Anticipating timer switches before you push the button
Jean-Bernard Guiot, DCS AG, Allschwil, Switzerland -- 4/3/2003
(Editor's note: This Twilight Zone-worthy circuit will be the subject of an upcoming network sitcom, My Big Fat Anticipating Timer.)
It happens to almost everyone that an apparatus or system should have been turned off a moment ago. The device in question could be the car heater, the air conditioner, the lights...

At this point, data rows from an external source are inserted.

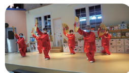
Tai Chi demonstrations (2021 Christmas party)

Events will include dances/songs from various countries, Ningyo Joruri puppet theater performances, and Tai Chi demonstrations
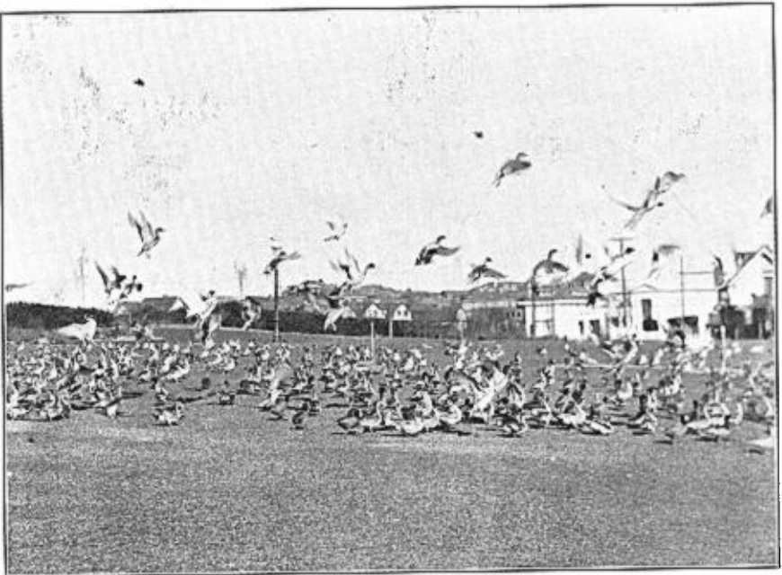
Fig. 34. SAME FLOCK AS IN FIG. 33. SOME OF THE MORE TIMID ARE BEGINNING TO LEAVE AT THE PHOTOGRAPHER'S APPROACH.
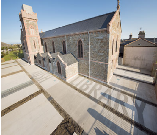
Fig. 1: Rush Library, Co Dublin: exterior.

Ireland and new uses are being sought for them. One such example is the 19 th century St Maur's Church in the small village of Rush in north County Dublin.
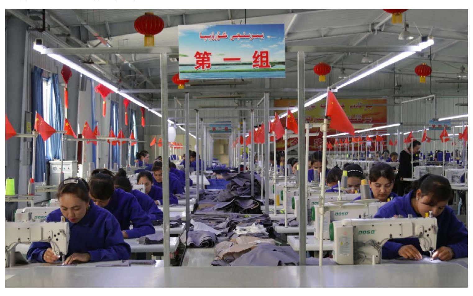
Uyghur women work in apparel factory.

The PRC claims that these labor transfer programs are part of a national campaign for "poverty alleviation." However, the programs involving Uyghurs and other minoritized citizens operate differently from other "poverty alleviation" programs throughout China, because for individuals from the Uyghur Region, the constant threat of internment makes refusing the state-sponsored work placement impossible. Labor transfers are deployed in the Uyghur Region within an environment of unprecedented fear and coercion. Refusal to participate in any government programs, such as labor transfers, for reasons perceived to be religious in any way, is viewed as equivalent to aligning oneself with the three evils - separatism, terrorism, and religious extremism and thus anyone who refuses to work or attempts to walk away from their job, risks internment or imprisonment. Therefore, the programs are tantamount to the forcible transfer of populations, forced labor, human trafficking, and enslavement by international definitions and protocols.
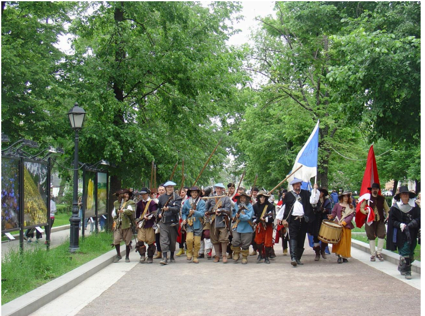
FIG 8. SOME OF THE PARTICIPANTS OF THE FESTIVAL.
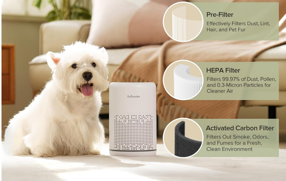
Image: Multi-Layer Filtration System components.

3-Stage Filtration for Fresh and Healthy Space
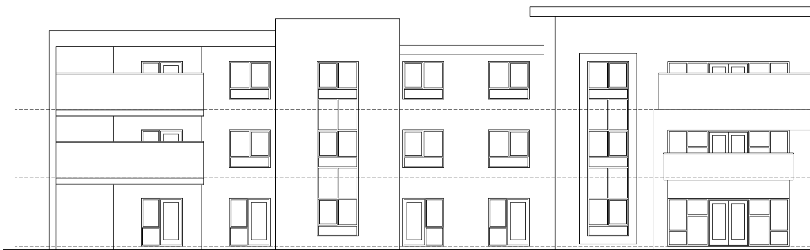
Proposed Elevation G
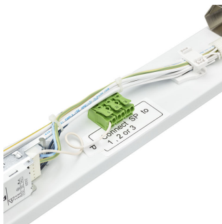
Maxos universal panel phase selector
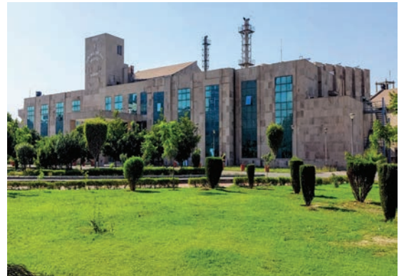
BIMSTEC Centre for Weather and Climate Noida, India
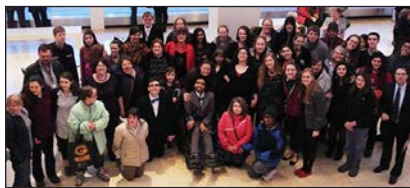
Best Buddies going to see Mary Poppins
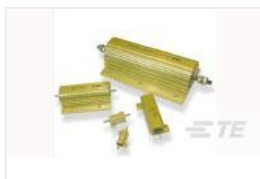
TE Part #2-1630024-2 HSC250 2R2 5%
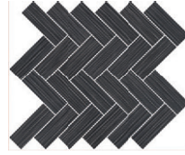
12x14 NAT TEL AM-79534ET
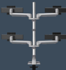
Two Over Two Static Pole E5G-P22S-XXX Weight Range: 0-15 lbs. per monitor Monitor Size: Up to 27"
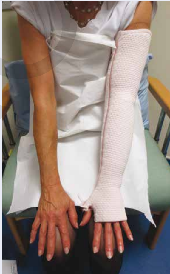
Fig 4. JOBST Relax in place after 10 days of therapy
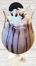
Oreo Peanut Butter 22 AED
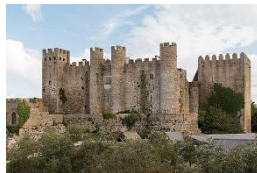
Castle of Óbidos

This Design Idea offers a solution to the challenge of turning devices on or off in the past. In Figure 1, IC2 is a 555-type timer (preferably CMOS) connected as a monostable one-shot multivibrator. The pushbutton switch, S1, triggers IC2. You can replace S1 with a transistor or an optocoupler, for example. You can connect VOUT to a relay or a transistor, if needed. You might need to adjust the values of R4 and R5, depending on the output load and the characteristics of S1. The interval during which VOUT remains high is T=1.1RC2. In Figure 1, you replace the resistor, R, that normally connects to C2 with the circuit inside the dashed line. This circuit comprises a 741 op amp, IC1, and three resistors: R1, R2, and R3. You could replace the war-horse 741 with a TL081 if your design needs longer time delays.